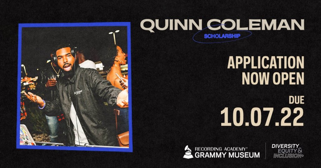 The Academy is currently accepting applications from rising junior and senior college students, in which five candidates will be accepted. Those selected will receive a $1,000 tuition scholarship, two $250 book/equipment stipends, a $500 interview preparation stipend, a Spring 2023 internship with The Recording Academy, and an opportunity to participate in a 6-week immersive program that focuses in emotional and financial wellness–courtesy of the Quinn Coleman Scholarship Fund.
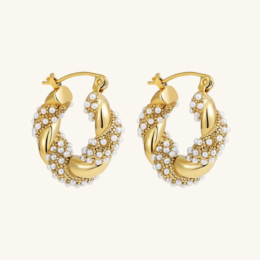 Dezenter Glamour: Gepflasterte Zirkonia- und Perlen-Twist-Creolen.
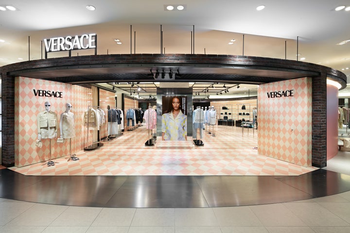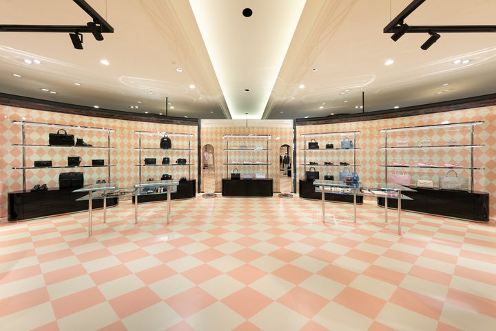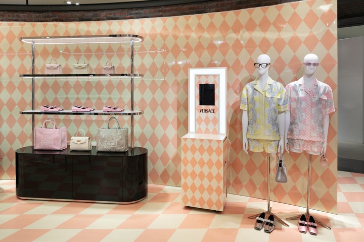 阪急うめだ本店で開催される「ヴェルサーチェ 2024 Spring & Summer Collection」は、ピンクを基調としたチェッカーボード柄が特徴です。
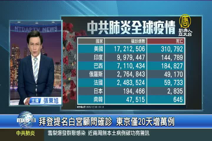 【新唐人亞太台 2020 年 12 月 18 日訊】再來關心中共肺炎動態,目前全球公開數據,累計確診 7千5百多萬人,累計死亡166萬人。其中,中共、伊朗等國家,被認為嚴重低報數據。美國消息,拜登將提名的白宮高級顧問人選里奇蒙德,傳出確診。美國目前累計 1千7百21萬人確診,31萬人死亡。日本累計確診 19萬4千多例,其中東京單日新增 6百64例,累計突破 5萬例;在過去20天,東京就增加了 1萬例。韓國疫情嚴峻,新增確診 1千零62例,連續3天單日新增超過 1千例;韓國累計確診 4萬7千多起,其中 6百45人死亡。
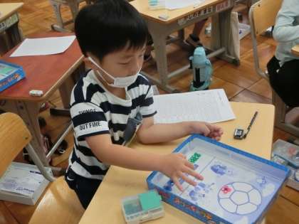 1の2でも、おはじきを使ったゲームをしていました。こうしたゲームを通すことで、「1」と「9」のように「10」になる組み合わせとなる数を、子どもたちが実感をもって理解していけるようにしています。
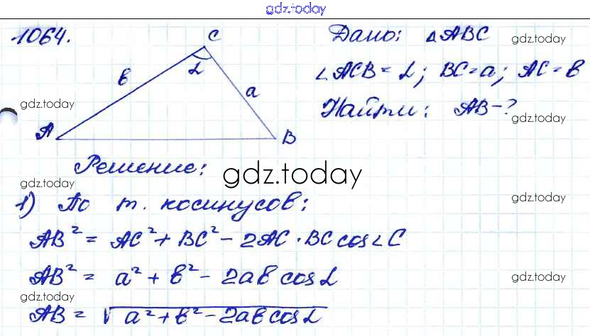На страницах сайта gdz.today вы найдете учебный и вспомогательный материал, направленный на улучшения знаний школьной программы. ГДЗ - онлайн мир знаний Решение. Задачи 1064 Учебнику по Геометрии для 7-9 класса Атанасян, Бутузов Просвещение 2010
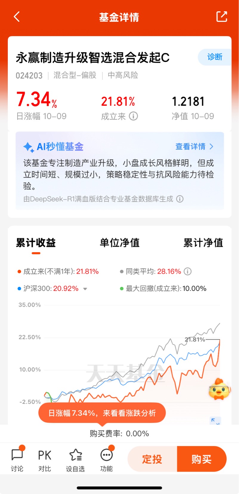 $永赢制造升级智选混合发起C$昨天大涨7.34%,近一周收益7.34%,近一个月
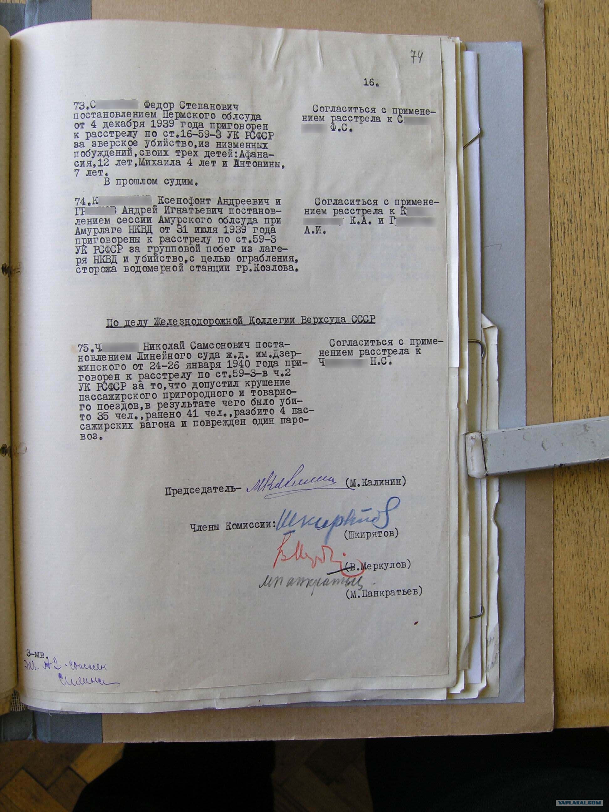 Но главное, на мой взгляд, не это. Ведь из этого документа становится понятно, что в СССР ни один человек, даже самый простой и не именитый, не был убит государственными служащими без разрешения самого высшего, реального органа власти – Политбюро. Причем, исходя из того, что несколько человек было помиловано, следует, что Комиссия Политбюро реально рассматривала дело каждого осужденного к расстрелу. А ведь закон не обязывал Политбюро заниматься вопросами помилования – это было делом Президиума Верховного Совета, - тем не менее, члены Политбюро тратили время и силы на то, чтобы параллельно с Президиумом ВС рассмотреть дела осужденных к высшей мере социальной защиты. И делали это вместо того, чтобы понырять за амфорами или слетать на охоту.
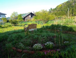 夕方、Kさんのジャガイモ畝が余りにも草茫々なのと、グランドペチカが未だ発芽していなかったので、見に行きました。一番北側は未だ1㎝足らずの芽ですが、南側は確りとした芽が出ていました。その列を草刈りして来ました。

__WHAT IS BEING ASKED__. All that is required is the lines from the line containing "1の2でも、おはじきを使った" through the end of the records above, copied exactly, and none of the pictures.

__OUTPUT OF THE EXERCISE__.
 1の2でも、おはじきを使ったゲームをしていました。こうしたゲームを通すことで、「1」と「9」のように「10」になる組み合わせとなる数を、子どもたちが実感をもって理解していけるようにしています。
На страницах сайта gdz.today вы найдете учебный и вспомогательный материал, направленный на улучшения знаний школьной программы. ГДЗ - онлайн мир знаний Решение. Задачи 1064 Учебнику по Геометрии для 7-9 класса Атанасян, Бутузов Просвещение 2010
 $永赢制造升级智选混合发起C$昨天大涨7.34%,近一周收益7.34%,近一个月
 Но главное, на мой взгляд, не это. Ведь из этого документа становится понятно, что в СССР ни один человек, даже самый простой и не именитый, не был убит государственными служащими без разрешения самого высшего, реального органа власти – Политбюро. Причем, исходя из того, что несколько человек было помиловано, следует, что Комиссия Политбюро реально рассматривала дело каждого осужденного к расстрелу. А ведь закон не обязывал Политбюро заниматься вопросами помилования – это было делом Президиума Верховного Совета, - тем не менее, члены Политбюро тратили время и силы на то, чтобы параллельно с Президиумом ВС рассмотреть дела осужденных к высшей мере социальной защиты. И делали это вместо того, чтобы понырять за амфорами или слетать на охоту.
 夕方、Kさんのジャガイモ畝が余りにも草茫々なのと、グランドペチカが未だ発芽していなかったので、見に行きました。一番北側は未だ1㎝足らずの芽ですが、南側は確りとした芽が出ていました。その列を草刈りして来ました。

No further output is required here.